No entanto, ressalva a coordenadora da Comissão de Tecnologias de Informação em Saúde, se for usada de forma correta, a internet "quebra muitas das barreiras que existiam no acesso ao doente, à frequência com que era visto (através da telemedicina) e à forma como o próprio se pode informar, já que é o melhor médico de si mesmo". Uma opinião partilhada por Margarida Dias, que considera que os aspetos positivos associados à internet "são dominantes, embora existam aspetos particulares que podem implicar riscos a vários níveis e para os quais as pessoas devem ser educadas".

Partilha de informação

É também na web que muitos doentes validam a necessidade de ir ao médico. "No caso da depressão, por exemplo, leem testemunhos, informação sobre sintomas e procuram o médico porque acham que algo de anormal se passa", adianta Sofia Couto da Rocha. A médica recorda, ainda, o caso de uma mulher, de 35 anos, que sofre de doença de McArdle, caracterizada por alterações musculares graves, e que usa o Google e as redes sociais para se informar e, com a colaboração de médicos, partilhar informação credível sobre a patologia. "É quase uma publicitadora/educadora da doença", aplaude.

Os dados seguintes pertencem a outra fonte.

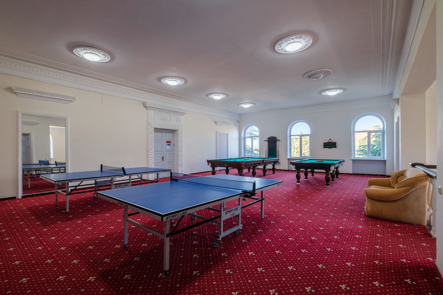 Для занятий спортом открыт тренажерный зал, в парковой зоне расположены 2 открытых теннисных корта, уличные тренажеры. Для отдыхающих организованы дискотеки, шоу-программы, вечера живой музыки, спортивные соревнования. На территории расположен летний амфитеатр со сценой и зрительным залом на 500 мест, открыт киноконцертный зал. Отдыхающие могут провести время за игрой в бильярд, настольный теннис, аэрохоккей, посетить турецкую баню - хаммам. К услугам гостей парковка, Wi-Fi, прачечная, парикмахерская и маникюрный салон.

Entre as suas propostas para melhorar a saúde em Portugal, o Parlamento da Saúde propõe a criação de um selo certificado por entidades competentes para sites com informação credível e que conte com o envolvimento de doentes e associações de doentes para que a linguagem seja acessível. Composto por 60 pessoas, entre os 21 e os 40 anos, com percursos curriculares variados, o grupo tem como objetivo refletir sobre o futuro da saúde em Portugal e produzir recomendações.